Records from a data source →
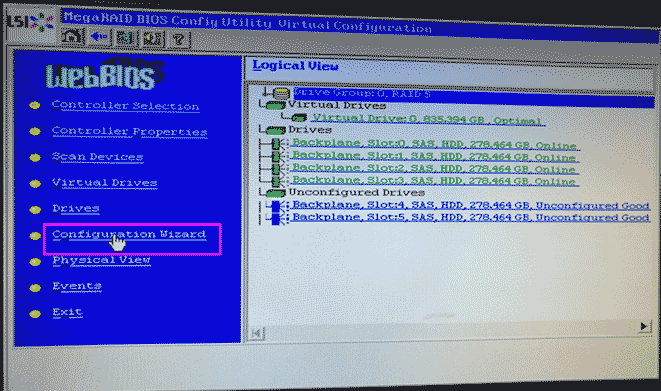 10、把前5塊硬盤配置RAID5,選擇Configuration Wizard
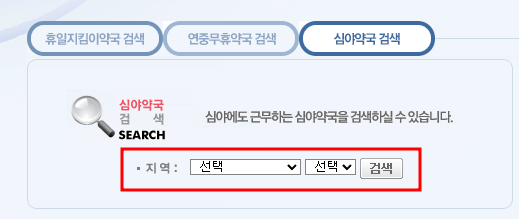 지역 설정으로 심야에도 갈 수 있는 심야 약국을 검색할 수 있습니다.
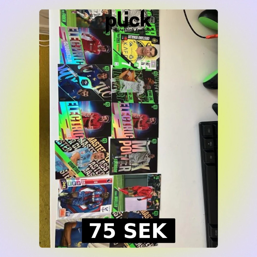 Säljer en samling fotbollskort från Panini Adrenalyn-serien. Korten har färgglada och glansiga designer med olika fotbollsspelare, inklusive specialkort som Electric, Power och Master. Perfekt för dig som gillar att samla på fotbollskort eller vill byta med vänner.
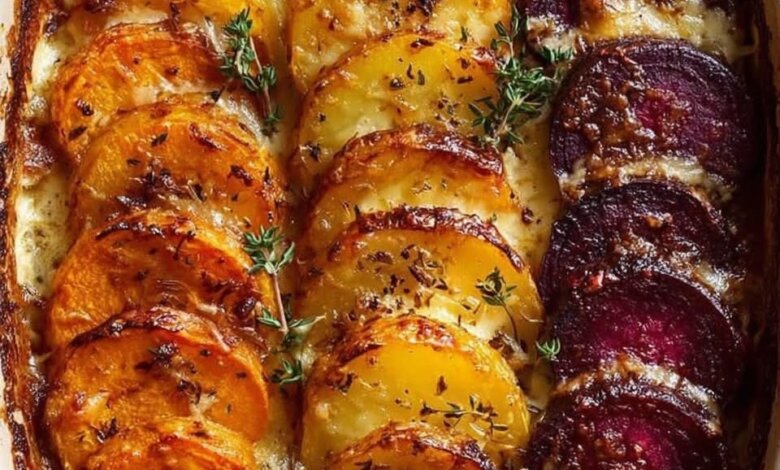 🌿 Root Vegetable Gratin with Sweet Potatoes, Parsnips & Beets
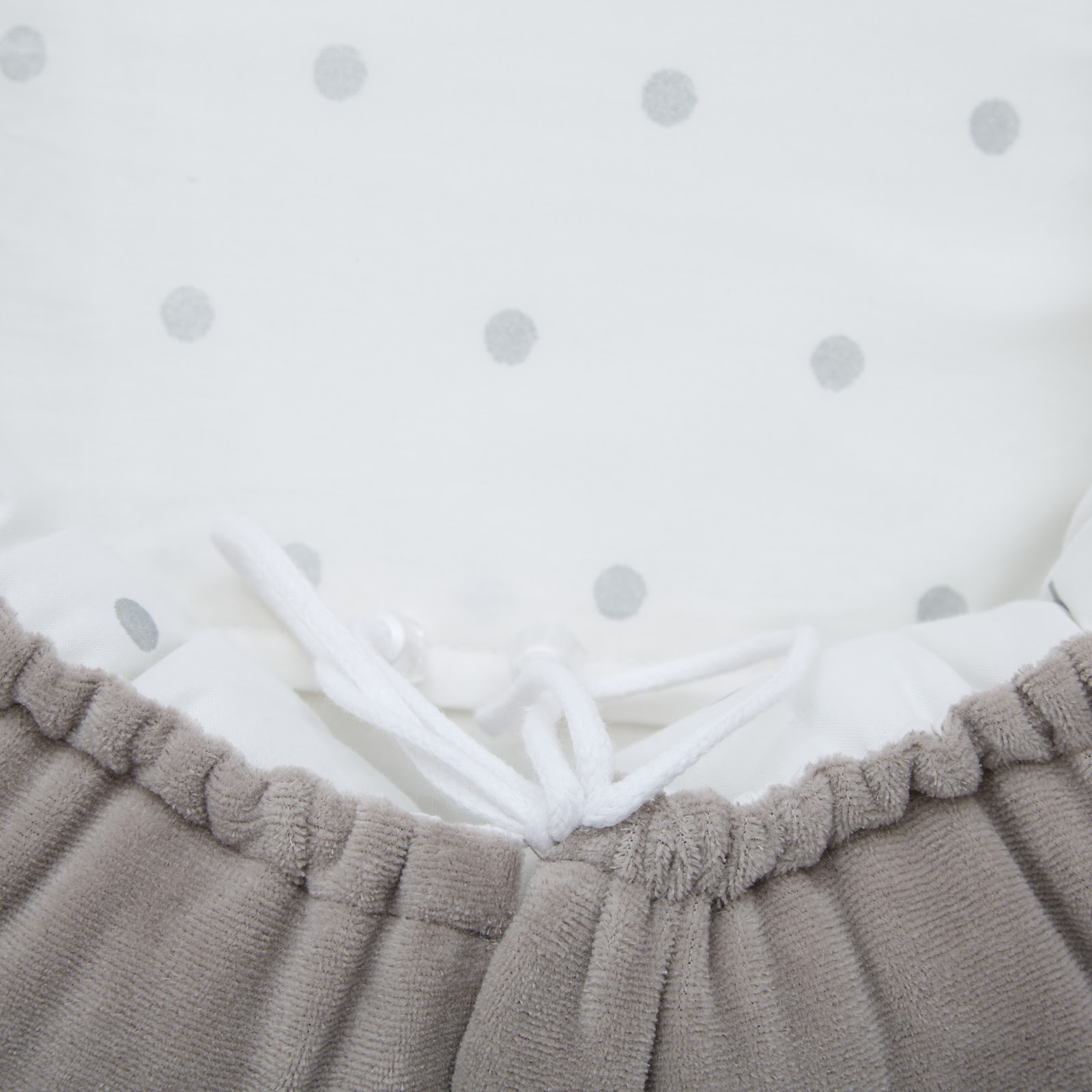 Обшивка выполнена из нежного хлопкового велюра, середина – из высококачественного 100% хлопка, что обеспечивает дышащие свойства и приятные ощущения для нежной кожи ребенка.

Requirement → Verbatim transcription needed, from the opening line of the entries above through the line containing "지역 설정으로 심야에도 갈 수 있는 심야 약국을 검색할 수 있습니다."; pictures do not belong in it.

Expected answer →
 10、把前5塊硬盤配置RAID5,選擇Configuration Wizard
 지역 설정으로 심야에도 갈 수 있는 심야 약국을 검색할 수 있습니다.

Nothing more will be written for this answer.